A peptic ulcer is an erosion or sore in the lining of the stomach or intestine that occurs when the protective mucus layer wears away in certain areas, allowing damage to occur from the natural acids of the stomach.
Around 10% of people will have peptic ulcer disease (PUD) at some point in their life. The majority of peptic ulcers are caused by bacteria called Helicobacter pylori (H. pylori) or by taking aspirin* or nonsteroidal anti-inflammatory drugs (NSAIDs; e.g., ibuprofen, ketoprofen, naproxen).
There are two types of peptic ulcers:
- Gastric ulcers are sores in the lining of the stomach.
- Duodenal ulcers are those in the first part of the small intestine, called the duodenum. This is an area where food is digested after passing through the stomach.
Although stress and spicy foods might make the symptoms of peptic ulcer worse, they aren't the cause of the condition as was once thought.
A bacterium called H. pylori causes the majority of ulcers. The bacteria can spread into the mucus lining that usually protects the stomach and small intestine from digestive acids, damaging it in the process.
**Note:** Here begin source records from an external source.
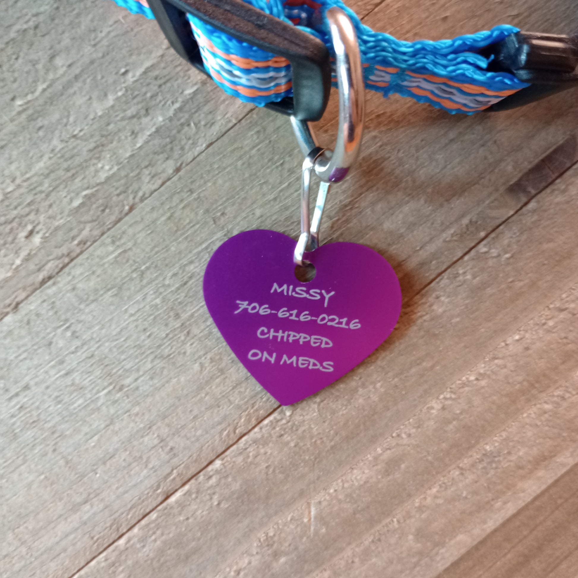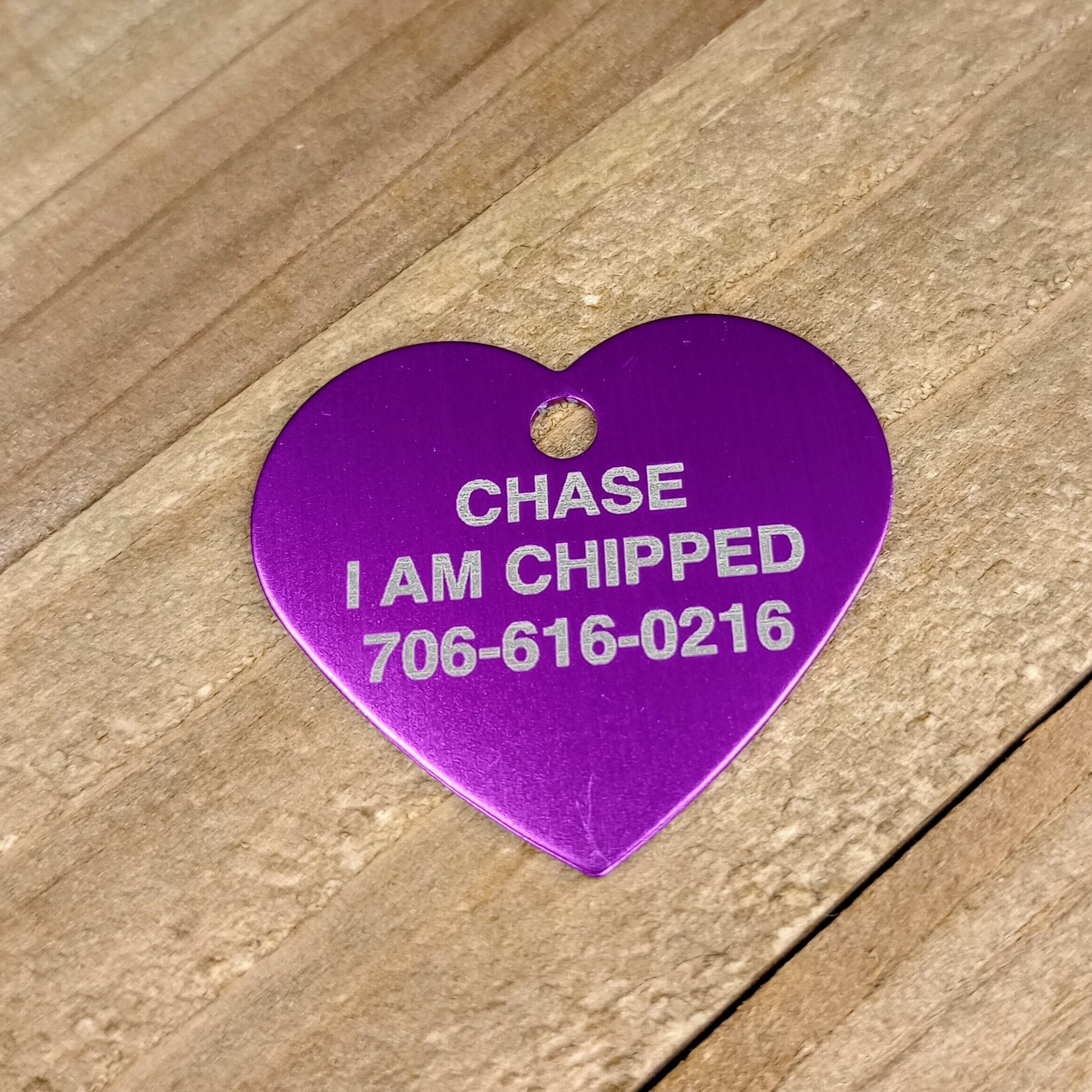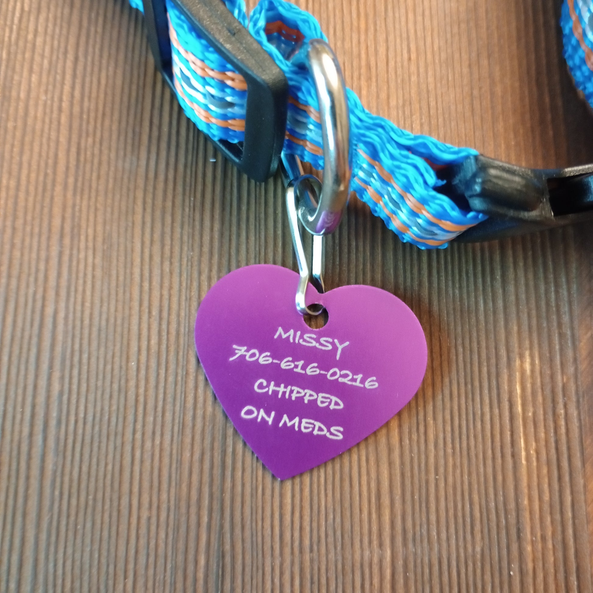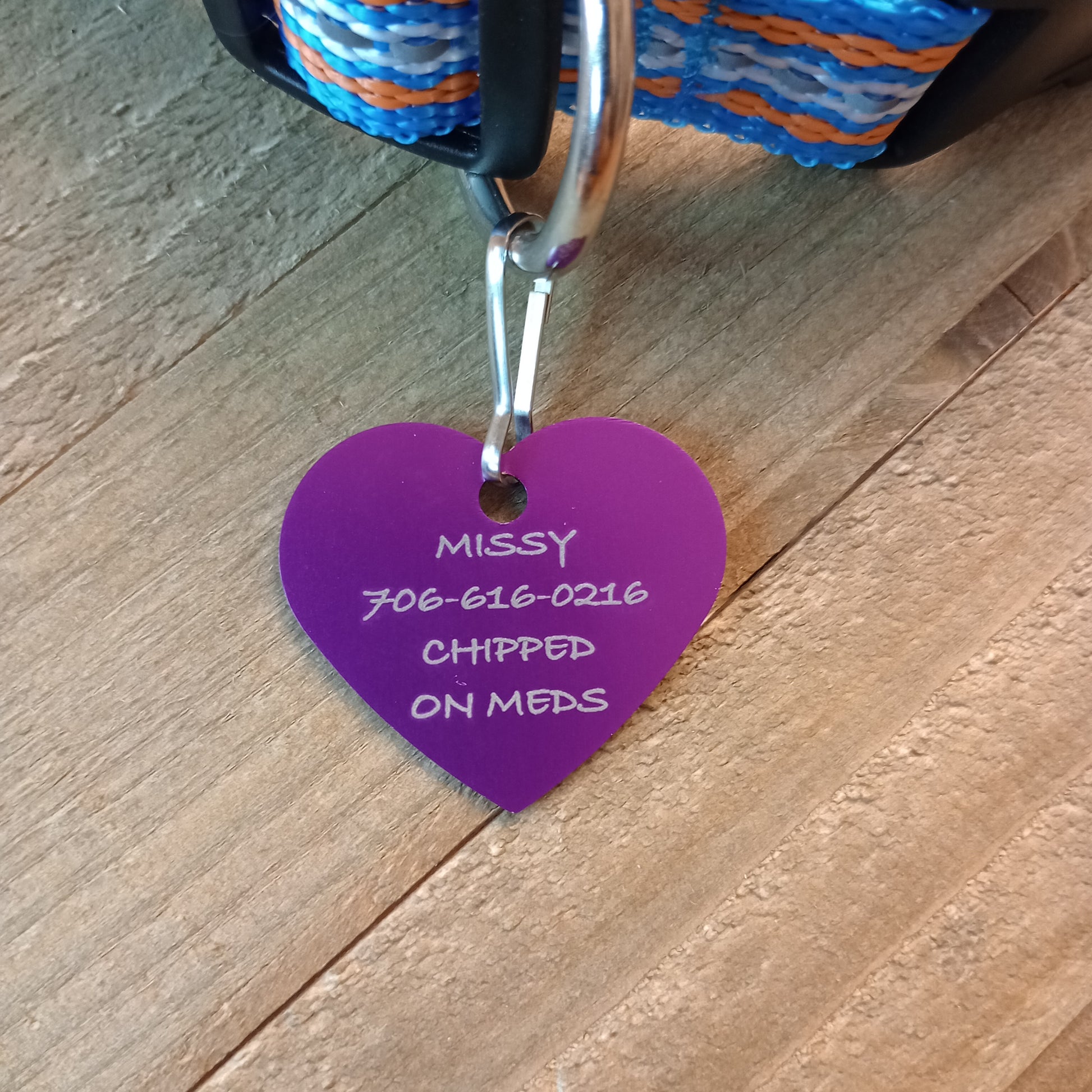 This Purple Heart Shaped Pet Tag is anodized aluminum that allows for 4 lines of text to be engraved on the front and lines of text to be engraved on the back.
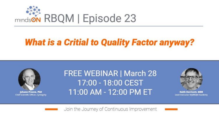 The guideline for Good Clinical Practices, ICH E6 (R3) draft, and ICH E8 (R1) introduce Critical to Quality (CTQ) Factors. What are they? How should they be used as part of RBQM? And whatever happened to critical processes and critical data? ABOUT „mindsON RBQM“ WORKSHOPS mindsON RBQM is a series of workshops by Cyntegrity’s MyRBQM…Continue reading mindsON RBQM Workshop | Episode 23: What is a Critical to Quality Factor anyway? (Webinar | Online)
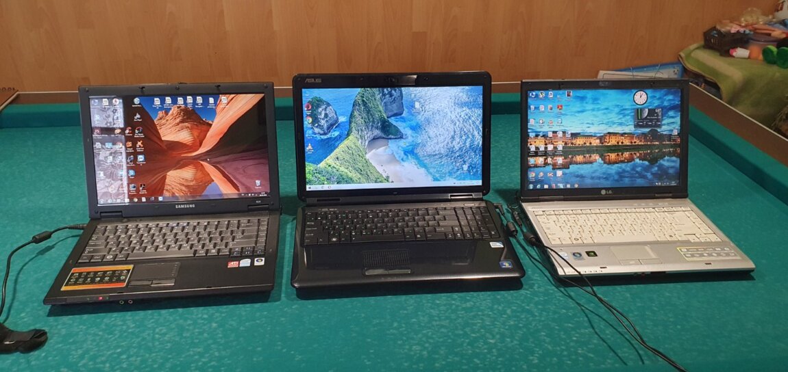 Продам три ноутбука все в рабочем состоянии 700 лей 1шт. ASUS K501J. LG R40. Samsung R20
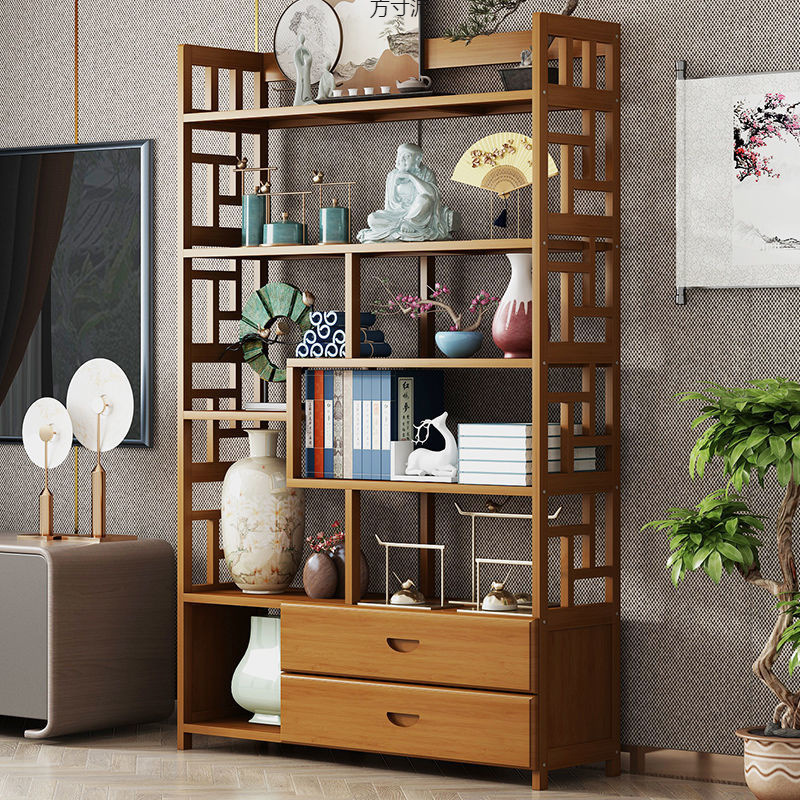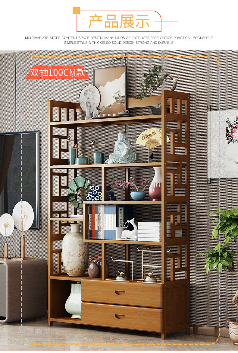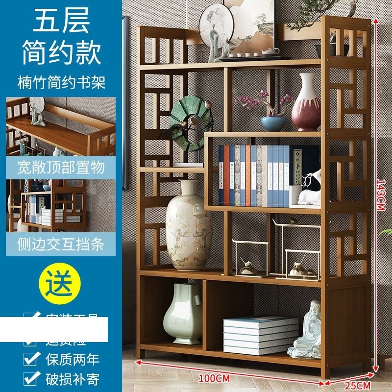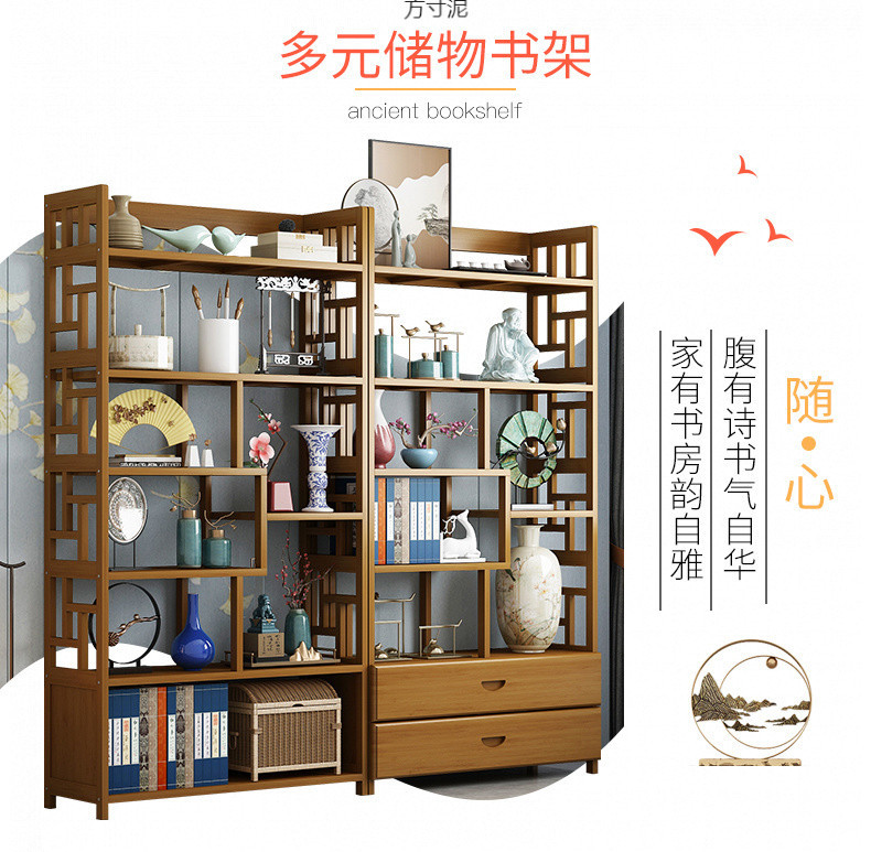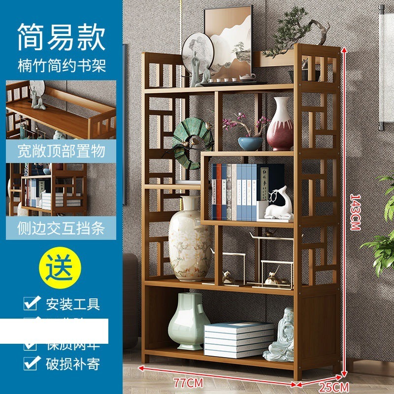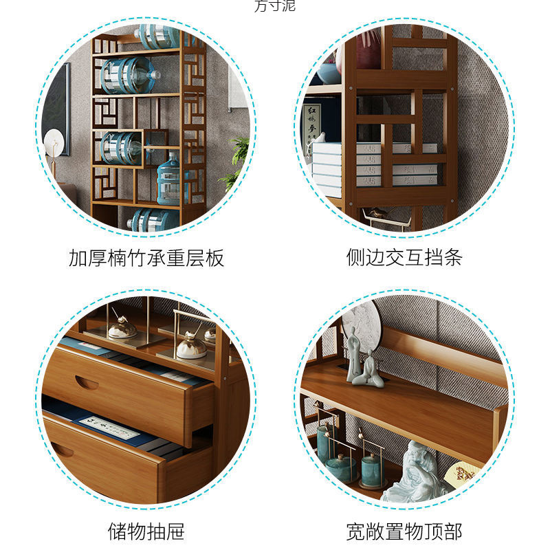 博古架楠竹新中式隔断简约现代小展示摆件架子实木茶室客厅置物架

By 60 years of age, up to 50% of people are infected with this bacteria, but only 10% to 20% of these people will actually develop stomach problems.
The other major cause of PUD is the use of aspirin and other NSAIDs such as ibuprofen or naproxen. NSAIDs can penetrate the lining of the stomach and release substances that damage cells. NSAIDs also block natural chemicals called prostaglandins that can help to protect and repair those cells. People more at risk of ulcers caused by NSAIDs include those who:
- are seniors
- have a history of a peptic ulcer
- are also taking glucocorticoids (e.g., prednisone, dexamethasone)
- are taking high doses of NSAIDs or aspirin
- have several medical conditions
- are taking more than one NSAID or aspirin
Excessive alcohol use can put people at higher risk for PUD, but it isn't a true cause.